On Nov 25, 2008, at 2:06 PM, Ryan May wrote:
1) It looks like the function returns a structured array rather than a rec array, so that fields are obtained by doing a dictionary access. Since it's a dictionary access, is there any reason that the header needs to be munged to replace characters and reserved names? IIUC, csv2rec changes names b/c it returns a rec array, which uses attribute lookup and hence all names need to be valid python identifiers. This is not the case for a structured array.
Personally, I prefer flexible ndarrays to recarrays, hence the output. However, I still think that names should be as clean as possible to avoid bad surprises down the road.
2) Can we avoid the use of seek() in here? I just posted a patch to change the check to readline, which was the only file function used previously.
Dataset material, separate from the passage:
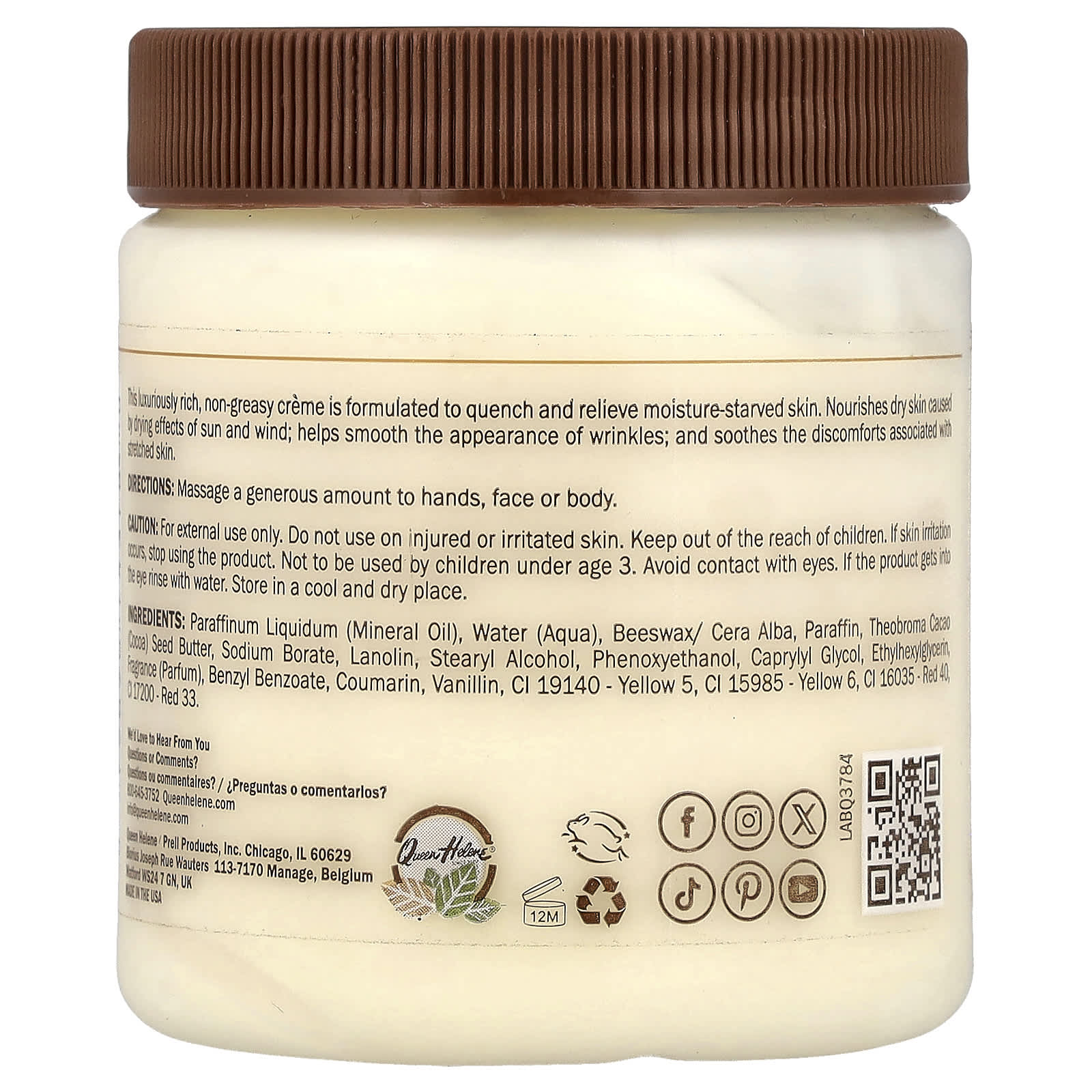 Вазелиновое масло (Paraffinum liquidum), вода (Aqua), пчелиный воск (Cera alba), парафина, масло из зёрен какао (Theobroma cacao), борат натрия, ланолин, стеариловый спирт, феноксиэтанол, каприлилгликоль, этилгексилглицерин, отдушка (парфюмерная композиция), бензилбензоат, кумарин, ванилин, CI 19140, краситель желтый 5, CI 15985, краситель жёлтый 6, CI 16035, краситель красный 40, CI17200, краситель красный 33.

This allowed the direct use of a file-like object returned by urllib2.urlopen().
I coded that a couple of weeks ago, before you posted your patch and I didn't have tme to check it. Yes, we could try getting rid of seek. However, we need to find a way to rewind to the beginning of the file if the dtypes are not given in input (as we parsed the whole file to find the best converter in that case).
3) In order to avoid breaking backwards compatibility, can we change to default for dtype to be float32, and instead use some kind of special value ('auto' ?) to use the automatic dtype determination?
I'm not especially concerned w/ backwards compatibility, because we're supporting masked values (something that np.loadtxt shouldn't have to worry about). Initially, I needed a replacement to the fromfile function in the scikits.timeseries.trecords package. I figured it'd be easier and more portable to get a function for generic masked arrays, that could be adapted afterwards to timeseries. In any case, I was more considering the functions I send you to be part of some numpy.ma.io module than a replacement to np.loadtxt. I tried to get the syntax as close as possible to np.loadtxt and mlab.csv2rec, but there'll always be some differences. So, yes, we could try to use a default dtype=float and yes, we could have an extra parameter 'auto'. But is it really that useful ? I'm not sure (well, no, I'm sure it's not...)
I'm currently cooking up some of these changes myself, but thought I would see what you thought first.